> _WHAT TO WORK ON_:
The entries must be repeated verbatim, and their images left out.

> _DATA PROVIDED_:
▼▼▼

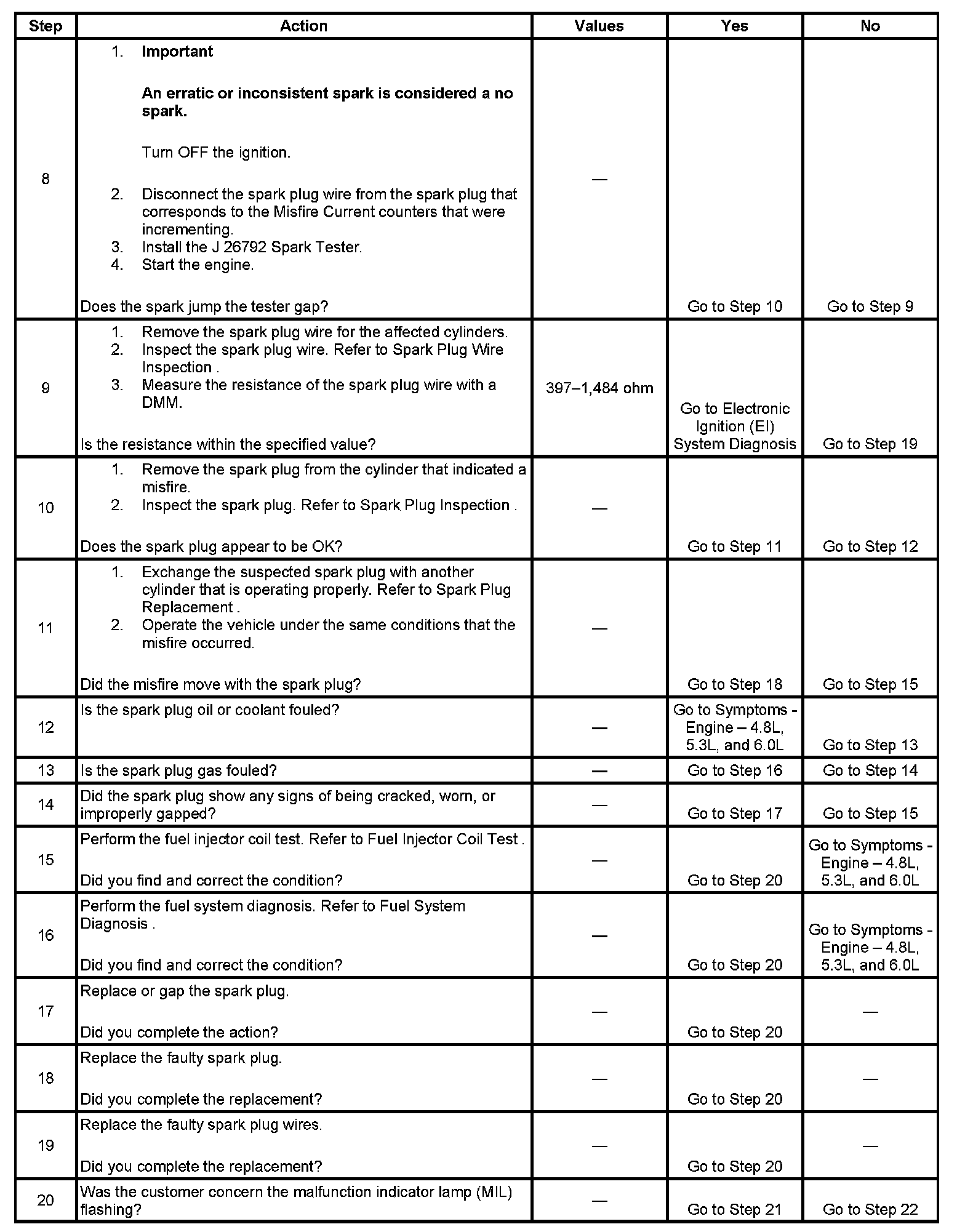- If there are multiple misfires on only one bank, inspect the fuel injector and ignition coil, power and ground circuits for that bank.
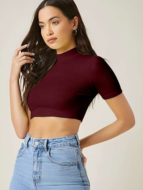 - Opt for this top made up of cotton blend material and get it in a varied neck design.
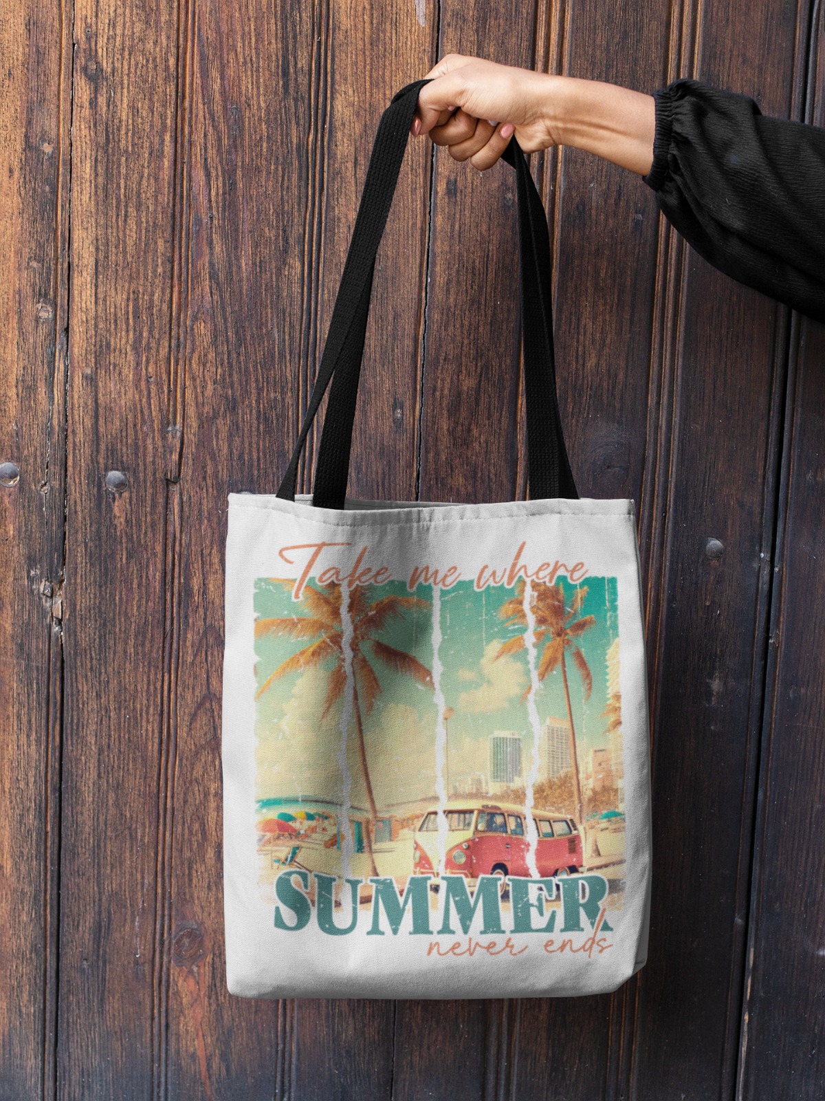 Capture the spirit of endless sunshine with this beach-inspired canvas tote. Featuring a vintage-style graphic of palm trees, a seaside view, and the playful phrase “Take me where summer never ends”, this bag is your go-to for warm-weather vibes all year long.
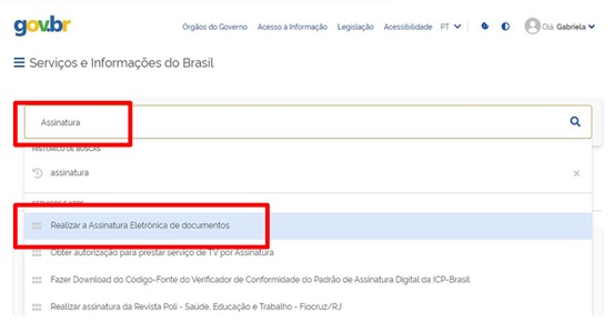 Na página inicial da sua área restrita do Gov.br há uma aba para pesquisa, digite “Assinatura”. Logo abaixo algumas opções ficarão disponíveis.
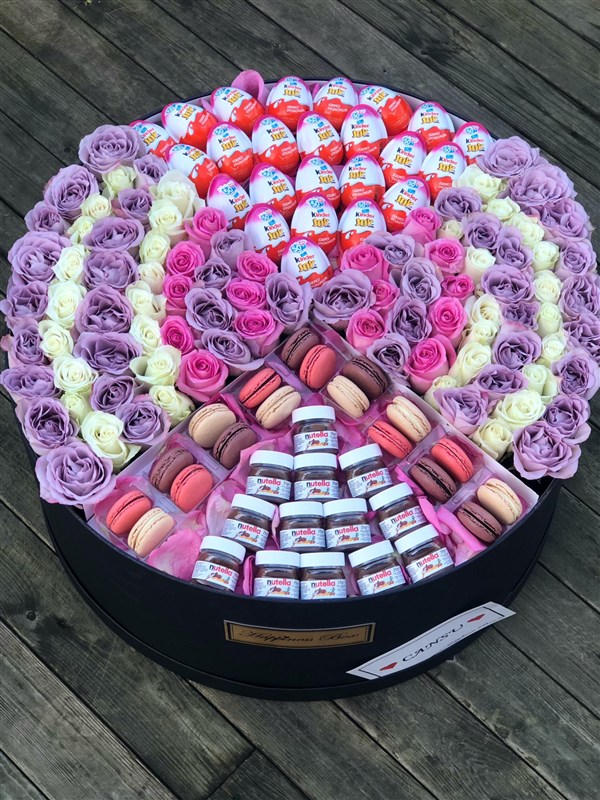 - 100-150 adet ithal pembe, lila, beyaz güller , çikolata ve macaronlar ile hazırlanır.
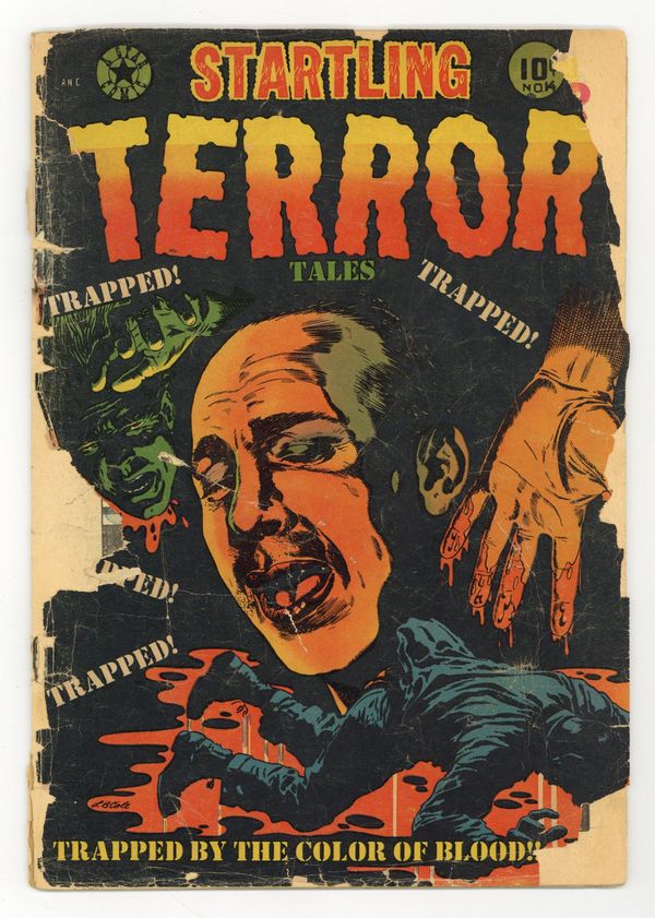 Cover by L. B. Cole. Stories and art by Jay Disbrow and others. Pre-Code horror and crime comics from L. B. Cole's Star Publications. Prohibition-era Chicago hoods think they're being arrested, but the cops turn out to be the architects of the Saint Valentine's Day Massacre. Teen hood Jack Hammer graduates to truck hijacking, but a scheme for revenge proves his undoing. Trapped by the Color of Blood; The Man Died; The Shocking Massacre; The Bloody Era...!; The "Lone Wolf" of Fear. Final issue of the series; followed by Startling Terror Tales (1953-54 2nd Series) #4. 36 pages, Full Color. Cover price $0.10.

▲▲▲

> _THE ANSWER_:
- If there are multiple misfires on only one bank, inspect the fuel injector and ignition coil, power and ground circuits for that bank.
 - Opt for this top made up of cotton blend material and get it in a varied neck design.
 Capture the spirit of endless sunshine with this beach-inspired canvas tote. Featuring a vintage-style graphic of palm trees, a seaside view, and the playful phrase “Take me where summer never ends”, this bag is your go-to for warm-weather vibes all year long.
 Na página inicial da sua área restrita do Gov.br há uma aba para pesquisa, digite “Assinatura”. Logo abaixo algumas opções ficarão disponíveis.
 - 100-150 adet ithal pembe, lila, beyaz güller , çikolata ve macaronlar ile hazırlanır.
 Cover by L. B. Cole. Stories and art by Jay Disbrow and others. Pre-Code horror and crime comics from L. B. Cole's Star Publications. Prohibition-era Chicago hoods think they're being arrested, but the cops turn out to be the architects of the Saint Valentine's Day Massacre. Teen hood Jack Hammer graduates to truck hijacking, but a scheme for revenge proves his undoing. Trapped by the Color of Blood; The Man Died; The Shocking Massacre; The Bloody Era...!; The "Lone Wolf" of Fear. Final issue of the series; followed by Startling Terror Tales (1953-54 2nd Series) #4. 36 pages, Full Color. Cover price $0.10.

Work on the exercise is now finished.